2007-02-13

Belarmino


O começo do filme Belarmino (1964) é surpreendente. Ouvimos dizer em off que o protagonista poderia ser um pugilista excepcional, mas que na realidade não o é: «Podia ter sido um grande pugilista, dos melhores da Europa, talvez até campeão dos meios leves e agora é quase um punching ball: Belarmino Fragoso». A locução inicial do Baptista Bastos dá o mote para todo o filme, porque o excelente documentário de Fernando Lopes fala apenas de uma eventualidade: não se descreve um campeão de pugilismo que tenha efectivamente existido, mas apenas aquele que poderia ter existido. Isto é, no mínimo, curioso. Parece estranho que o filme seja anunciado como um documentário e ainda mais insólito que o realizador tenha escolhido um protagonista aparentemente tão desinteressante e até desprezível.

Belarmino tem inúmeros defeitos e o pior deles é a falsidade. O senhor mente com o atrevimento mais descarado e tem o péssimo hábito de alijar responsabilidades: quando é questionado sobre o seu fiasco no ringue do Albert Hall perante um pugilista de segunda, ele desencanta uma história disparatada de corrupção e compadrio. Porém, as mentiras não nos incomodam por aí além. Não só porque o filme do Fernando Lopes deixa claramente à vista o que é ou não patranha, mas também porque a própria inépcia do Belarmino se encarrega de o denunciar, um pouco como a criança que diz ‘não fui eu’ com a boca lambuzada de doces.
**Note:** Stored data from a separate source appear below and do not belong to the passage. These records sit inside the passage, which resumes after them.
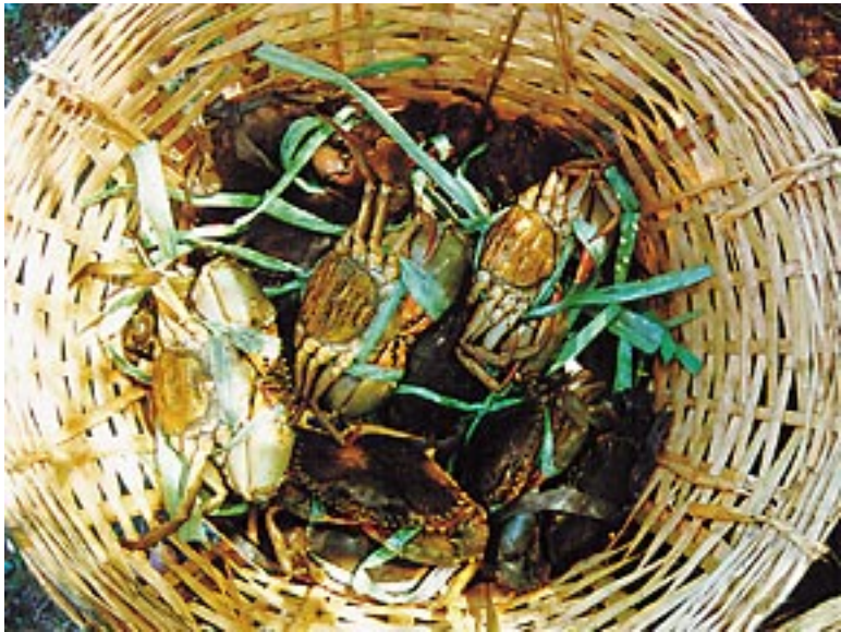
Fig. 10. “Tiklis” is a sturdy crab container for long distance travel.

Newly-harvested mudcrabs mixed or sorted by size are always tied in bunch either by kilo or by dozen pieces. Sometimes the females with maturing eggs are sorted from the males with big pincers for delivery to discriminating customers. For long distance travel, they are kept inside wooden or styrofoam boxes, and bamboo ( tiklis ) or palm ( buri or pandan ) baskets (Fig. 10). Mudcrabs are sturdy species and can stay alive for a week by simply sprinkling them occasionally with water. Prolonged holding period, however, will lessen the weight ( hagas ) or eventually cause death. Price varies by region. Mudcrabs weighing 150 to 200 g fetch P120-P180 pesos per kilo while bigger sizes (200 grams and above) reach P160-250 per kilo. Generally, female crabs with developing gonads are more expensive than males. Demand for mudcrabs remain high both here and abroad.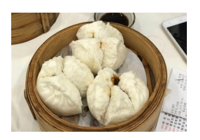
Figure 23(h). Cha siu baau .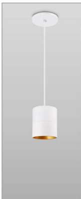
AC24, AC48, AC96 Pendant cable mount to recessed J-box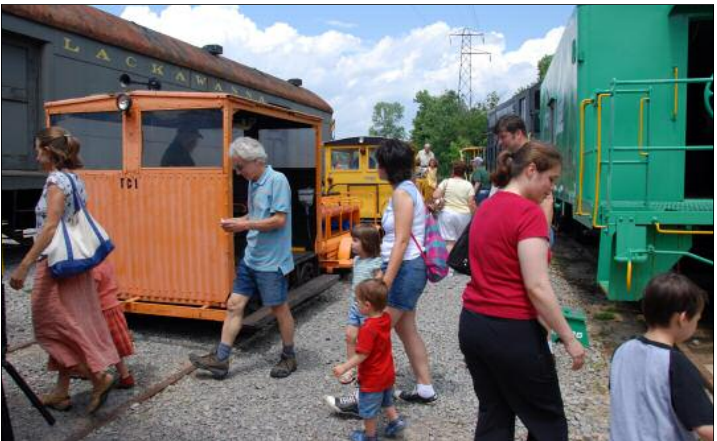
Museum visitors disembark and prepare to tour our displays and equipment. Our Depot Tour Guides help our visitors interpret our many displays and answer questions from the public. Can you spare an hour to help out one weekend this summer?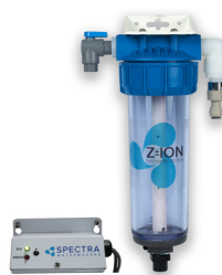
Z±ION System Protection, Automated Z±ION-AUTO

Katadyn reserves the right to modify products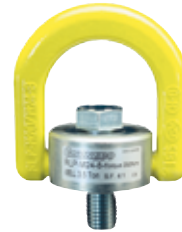
Rotating Lifting Point RLP M8 - M48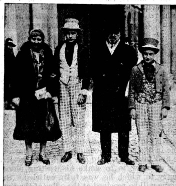
The Two Young Authors in a Family Group at the Zurich Sechseläuten.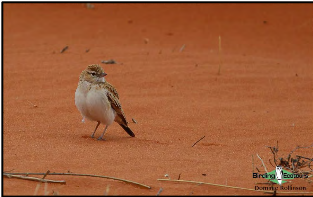
Fawn-colored Larks were seen at the Koa Dunes, alongside Red Larks.

Upon arriving in Pofadder and after checking into our lodging, we went out for a late afternoon drive. The first few kilometers of this road delivered quite a few good species, including Double-banded Courser , Karoo Korhaan , Northern Black Korhaan , Chat Flycatcher , Karoo Chat , Stark's Lark and, best of all, a distant flying group of Burchell's Coursers . South African Ground Squirrels and Yellow Mongooses were welcome mammal distractions along the drive. In the evening, after dinner, we went for a night drive down this same road in an attempt to see Cape Eagle-Owl, but alas, it was not meant to be.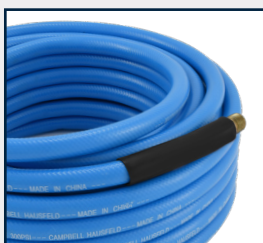
FLEXIBLE PVC MATERIAL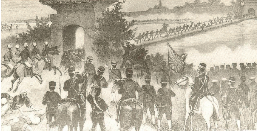
A painting of Japanese troops capturing Pyongyang in Korea during the war with China in 1894–5.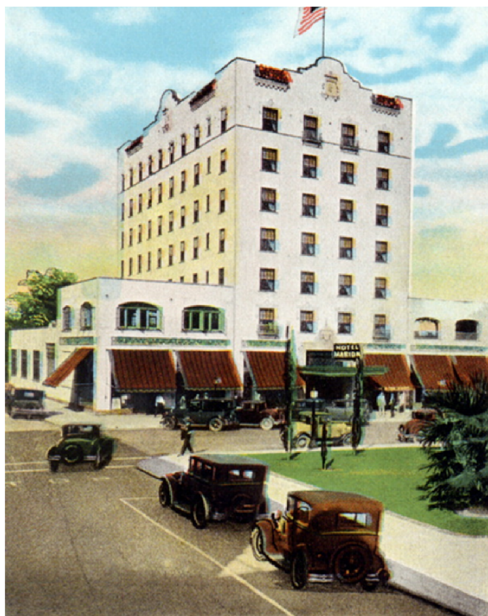
Marion Hotel c.1900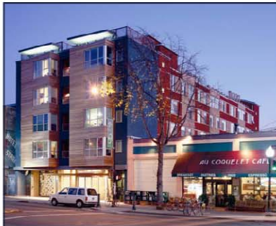
Touriel Building 2004 University Avenue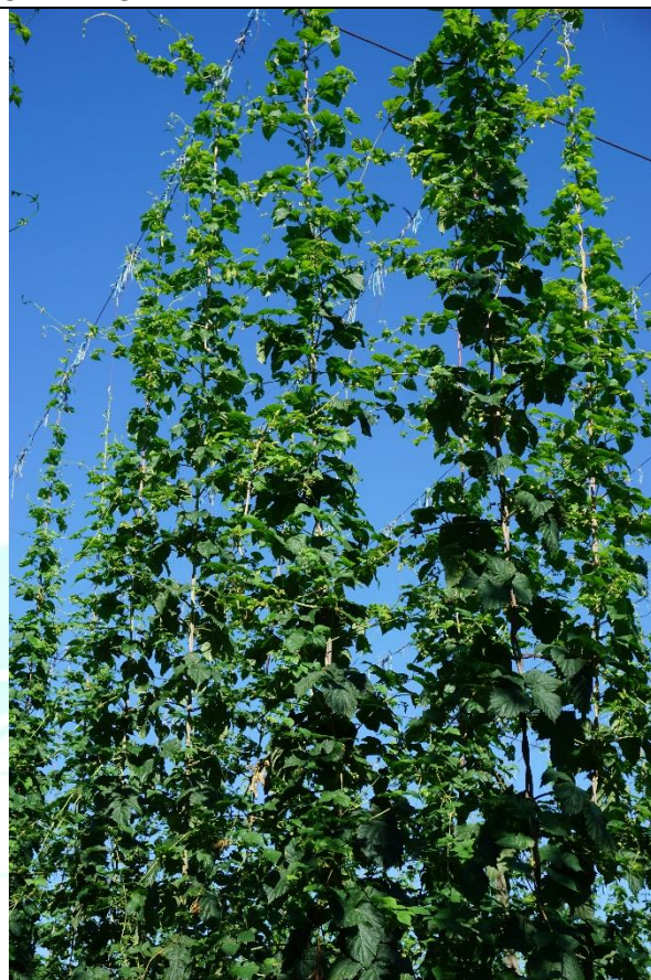
Focus on the plant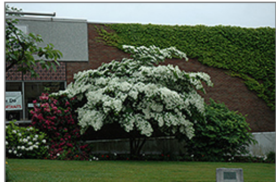
Lustgarten's Weeping Chinese Dogwood in bloom

This is a relatively low maintenance tree, and should only be pruned after flowering to avoid removing any of the current season's flowers. It is a good choice for attracting birds to your yard. It has no significant negative characteristics.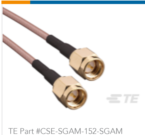
SMA to SMA 152mm RG316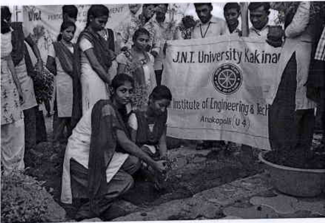
Volunteers planting a sapling as part of Green Day of Swachh Bharat Pakwada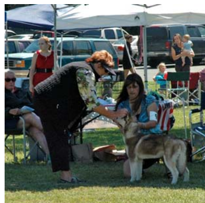
4-6 Month Puppy Dog 2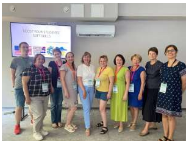
Working in small groups at the sessions

creativity and teambuilding skills. Meanwhile, they continued working on Final Group Projects.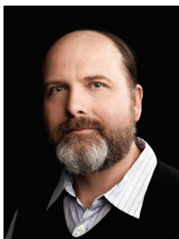
W. Daniel Hillis

Noted technology innovator and entrepreneur W. Daniel Hillis, research professor of engineering at the USC Viterbi School of Engineering and professor of research medicine at the Keck School of Medicine of USC, is the principal investigator for the effort.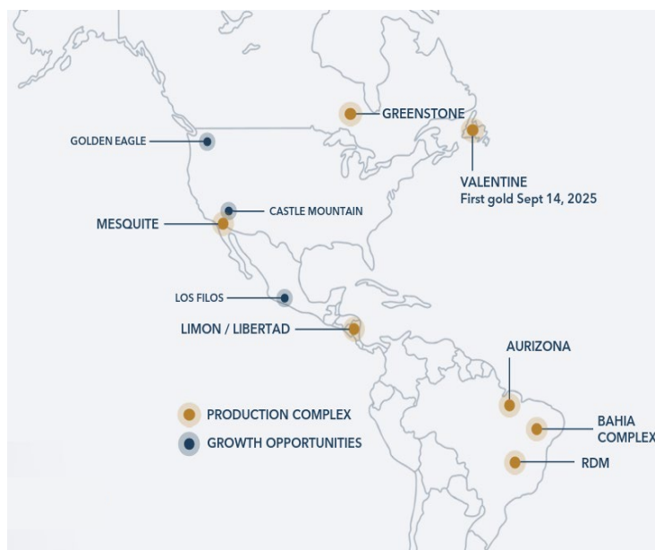
Figure 1. Company Assets as at Dec 2025.

Equinox Gold is principally engaged in the operation, exploration and development of mineral properties, with a focus on gold. The Company's operating gold mines at December 31, 2025 are the Greenstone Mine and Valentine Mine in Canada, the Mesquite Mine in the United States, La Libertad Complex and El Limon Mine Complex in Nicaragua, and the Aurizona Mine, RDM Mine and Bahia Complex (comprising the Santa Luz and Fazenda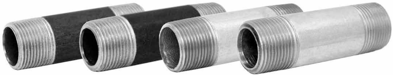
FIG. 339: Standard Black Schedule 40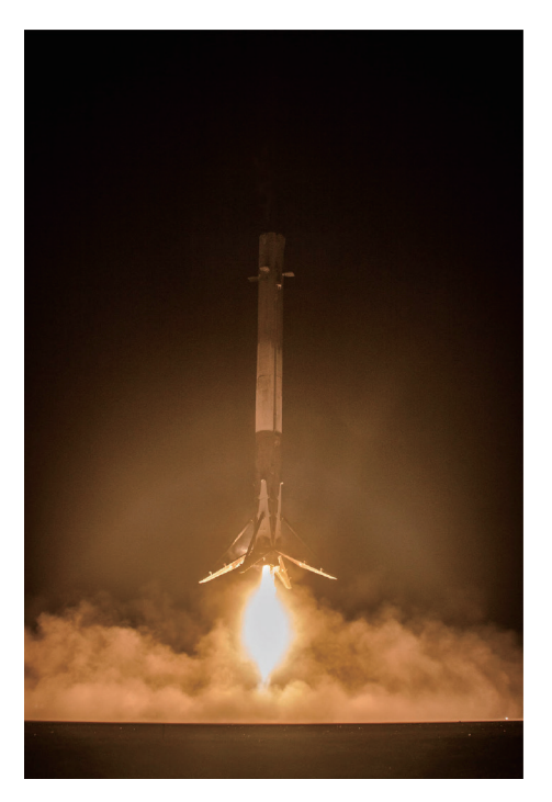
Fig.1. The first stage rocket is shown just prior to touchdown on the launch pad, with support legs deployed at the bottom and grid fins deployed at the top to manipulate direction of lift during reentry.

A landing on an ocean platform requires less fuel to maneuver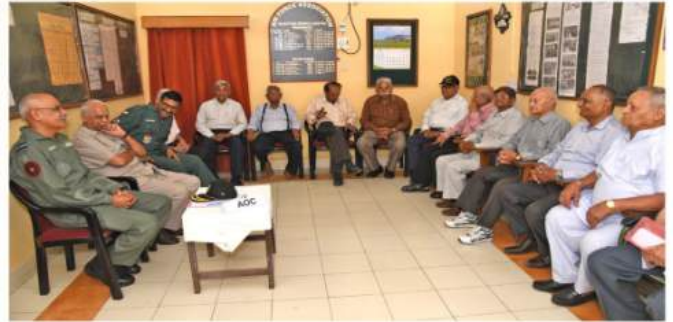
AFA RAJ BRANCH: OCTOGENARIAN CEREMONY COMMITTEE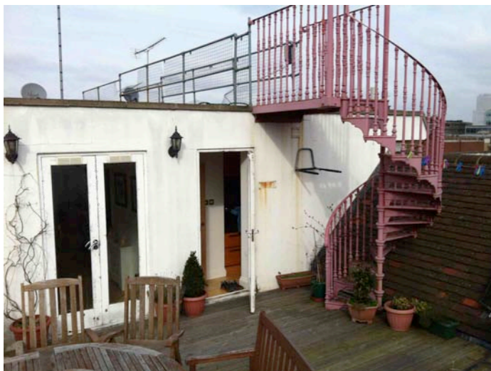
TERRACE OF FLAT 10 WITH DOORS TO LIVING ROOM AND KITCHEN, SPIRAL STAIRCASE IS PART OF ESCAPE ROUTE VIA FLAT ROOF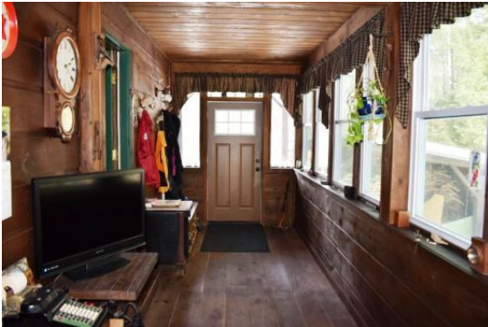
Cabin entrance to sunroom/office.

Aceitamos as mentiras do Belarmino Fragoso e até simpatizamos com elas, pela sua candura e ingenuidade. Mas não só.

O Belarmino seria um indivíduo risível em qualquer outro país do mundo, mas em Portugal é um campeão. Mais do que simples simpatia, existe entre ele e o público português uma verdadeira empatia: uma fusão emocional, uma adesão de sentimentos que se estabelece entre espectador e personagem de tal modo que parece dar-se entre os dois uma espécie de identificação ou projecção. Os portugueses reconhecem-se nas mentiras do Belarmino e na sua esquiva permanente à realidade, porque se há coisa que fazemos bem é não querer ver as coisas como elas são. A este respeito, uma diplomata francesa descreveu o nosso povo como «os chineses do ocidente», porque os chineses nunca vão directamente ao assunto, dão inúmeras voltas antes de lá chegar e sempre em termos pouco claros.

Além do seu feitio esquivo, há outras características do protagonista que são muito nossas: a mediocridade, a ignorância, a gabarolice e a indisciplina. Tudo isto faz do Belarmino um case study, um representante da mentalidade dos portugueses e do seu proverbial «medo de existir», uma figura tão típica e característica como o galo de Barcelos, o Zé Povinho ou o caldo verde. A condição portuguesa é o verdadeiro assunto de Belarmino e não apenas a vida de um pugilista falhado. Daí o valor documental do filme do Fernando Lopes, porque descreve com verdade e rigor a mentalidade de um povo. Se o realizador encena ou falseia alguns detalhes da vida do protagonista (algumas sequências, como a chegada aos treinos no Sporting ou o engate nos Restauradores, são manifestamente encenadas) é apenas para que se registe com mais fidelidade essa verdade maior.

1 comentário:

Bino disse...

Neste filme, excelente fotografia de Augusto Cabrita.